Banger @ Dance Base

Review by Missy Lorelei | 07 Aug 2012

Once upon a studded leather wristband, it was all too easy. Lads formed in a circle at the school disco, shaking their greasy hair and headbanging to Whole Lotta Rosie, while girls stood, pointed and laughed. Tara Cheyenne however, knows that it is not as simple as that now, that this can be liberating. Implicit in her work is the need for making each gesture larger, owning the space as only swaggering young men can. She takes to the stage as a sexually provocative woman in lingerie, then transforms by merely slipping on army fatigues into a teenage boy, governed by twin obsessions of war studies and heavy metal, the devil horn sign taking her over, a la Doctor Strangelove and that Nazi salute.
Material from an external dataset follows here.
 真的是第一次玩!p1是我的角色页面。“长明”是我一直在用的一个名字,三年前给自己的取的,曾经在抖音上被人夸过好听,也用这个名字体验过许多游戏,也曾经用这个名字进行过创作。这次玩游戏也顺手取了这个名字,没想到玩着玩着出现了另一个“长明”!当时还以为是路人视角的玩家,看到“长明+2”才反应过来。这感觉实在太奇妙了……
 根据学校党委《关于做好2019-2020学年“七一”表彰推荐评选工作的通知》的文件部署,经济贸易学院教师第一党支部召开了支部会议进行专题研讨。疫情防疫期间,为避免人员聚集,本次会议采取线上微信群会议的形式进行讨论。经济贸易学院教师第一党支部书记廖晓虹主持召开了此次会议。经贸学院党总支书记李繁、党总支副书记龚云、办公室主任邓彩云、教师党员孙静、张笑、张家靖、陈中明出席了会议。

Her physicality is impressive, riffing on riffs, portraying all four members of a metal band, from Gene Simmons-esque singer to powerhouse drummer and she skips between vacuous cheerleader to earnest, hurt teenage boy spouting pretentious poetry with consummate ease, beautifully observing the overwrought idiocy of nihilistic HM lyrics. Marc Stewart's score is suitably blistering, particularly the pummeling drum solo – 'grunge ballet' could be a whole new genre.
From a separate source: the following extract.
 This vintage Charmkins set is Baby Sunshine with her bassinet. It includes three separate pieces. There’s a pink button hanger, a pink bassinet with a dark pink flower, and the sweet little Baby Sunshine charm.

Less successful is Cheyenne's batty old English war veteran, addled equally with shrapnel as alcohol – the segue into that depiction is not as fluid as that of her schoolyard outsiders. Nonetheless, that issue aside, Banger satisfies as both physical theatre and play on society's supposed gender limitations, tapping into that impulse we all have to air drum when Black Sabbath comes on... even if she does disconcertingly resemble a young Ed Byrne.